Penglipuran Village is one of the traditional villages located in Bangli Regency, Bali Province, Indonesia. Penglipuran village is famous as one of the tourist destinations in Bali because of its society who still preserve their traditional culture in their daily lives. The architecture of buildings and land processing still follows the concept of Tri Hita Karana, the philosophy of Balinese society regarding the balance of relations between God, humans and their environment. Penglipuran Village succeeded in building tourism that benefited all of their communities without losing their culture and traditions. In 1995, Penglipuran Village also received a Kalpataru award from the Indonesian Government for its efforts to protect the Bamboo Forest in their local ecosystem.

Geography 
Penglipuran village is one of the traditional villages from Bangli district and Bali province, Indonesia. The total area of this village reaches 112 hectares with an altitude of 500–600 meters above the sea and located about 5 kilometers from the Bangli City and 45 kilometers from the Denpasar City. The village is surrounded by other traditional villages. Kayang village in the north, Kubu village in the east, Gunaksa village in the south and Sansang river in the west. Temperatures vary from cool to cold (16-29 degrees) and averages rainfall around 2000 mm per year. Ground surface is considered flat with a height of 1–15 meters.

History 
Penglipuran Village is believed to be inhabited during the reign of I Dewa Gede Putu Tangkeban III. Almost all of the villagers believe that they are from Bayung Gede Village. In that time, the people of Bayung Gede were people who were experts in religious, custom and defense activities. Because of their abilities, they are often called to the Bangli Kingdom. But because of the distance, the Bangli kingdom finally provided a temporary area for the people of Bayung Gede to rest. This place is often referred to as a Kubu Bayung. Kubu means "camp" and "bayung" means people from Bayung Gede village. This place is then believed to be the village they live in now. They also believe that this is the reason that explains the similarity of traditional rules and building structure between Penglipuran village and Bayung Gede village.

Regarding the origin of the word Panglipuran Village, there are two different perceptions that are believed by the community. The first is Penglipuran means "pengeling pura" with "Pengeling" means to remember and "temple" means ancestral place.

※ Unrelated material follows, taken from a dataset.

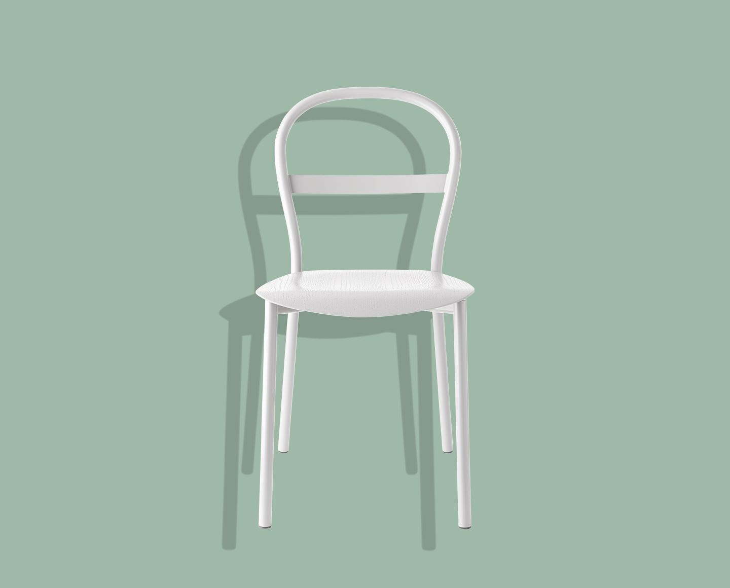 NOVA metal chair with plywood seat. The rounded shape of the backrest and the option to choose from various finishes for the seat characterize the versatility of this highly practical chair with simple lines. Also perfect for a young kitchen or a bar.

The second perception says that penglipura comes from the word "pelipur" which means comfort and "lipur" which means unhappiness. So if combined, penglipuran means a place for consolation. This perception arises because the Bangli king is said to often visit this village to meditate.

Society

Population 
Based on records from Kelihan Dinas (officials below lurah that specifically handling government administration) in 2002, up until July there were 832 people living in Penglipuran Village. The 832 individuals consisted of 425 men and 407 women with 197 head of family. The families are divided by their status which is 76 head of families with Pangayah / Karma Pangarep status (permanent members with customary rights and obligations) and 121 heads of families with Pangayah/Krama Roban status (temporary member referred to as the responsibility of one of Pangayah Pangarep).

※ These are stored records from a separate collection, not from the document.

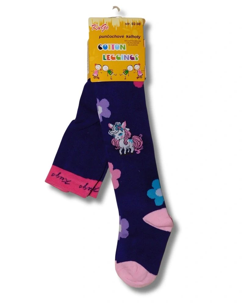 Dívčí punčocháče Kugo – fialové s jednorožcem a květinami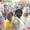 Paetongtarn Shinawatra takes oath as Thailand’s youngest-ever Prime Minister, surrounded by supporters and party leaders.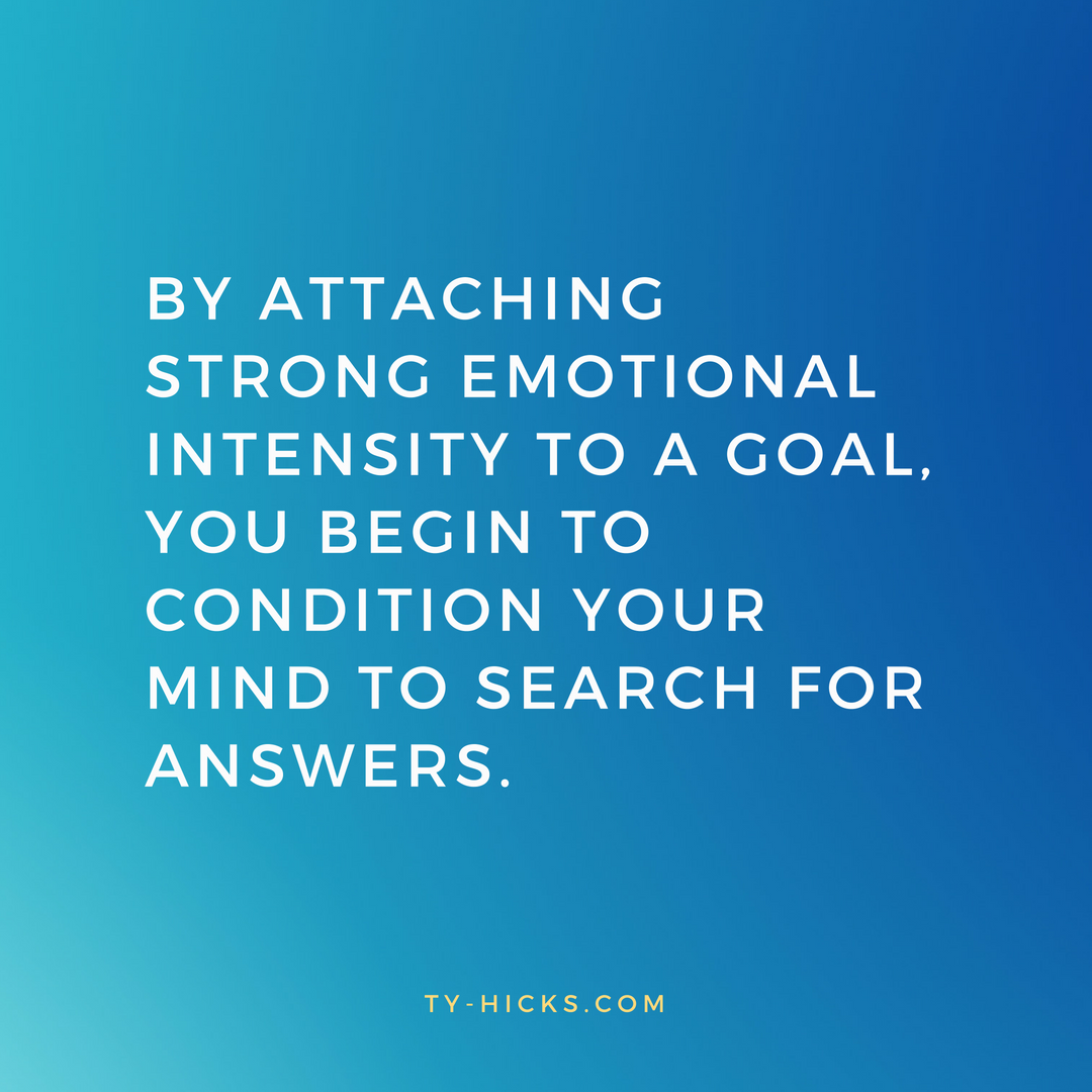 Once you have gotten clear on what you really want, you begin to enlist the help of not only your conscious mind but your unconscious mind as well. By attaching a goal to strong emotional intensity, you begin to condition your mind to search for answers. The trick is to not lose your definiteness of purpose in the face of adversity.

The most recent data in early 2012 showed that there is no visible increase in the population of Penglipuran Village which consists of 980 individuals joined in 229 families (76 families), issued by I Wayan Kajeng, Chief Administrative of the Penglipuran Traditional Village. In 12 years the population in this village increased by 200 people.

Education and job 
In 2002, 426 people from Penglipuran Village completed their elementary education, while 91 people had an education level up to junior high school. 156 people completed high school and 68 people managed to complete the highest level of education which is University. Most of Penglipuran Village people choose farming as their job, followed by becoming a private employee. The rest is divided between civil servants/ABRI, traders, breeders, craftsmen and the last one is laborers.

Marriage 
Marriage and the family lineage is seen as something that very important for people of Penglipuran Village. The majority of people in Penglipuran Village married the people from their own village too in order to preserve the family lineage. Therefore, most of the population is still bound by blood relations with each other. If there is a man from Penglipuran Village who marries a woman from another clan/family outside of Penglipuran Village, then he still has to carry out his obligation as a member of the Penglipuran Village society.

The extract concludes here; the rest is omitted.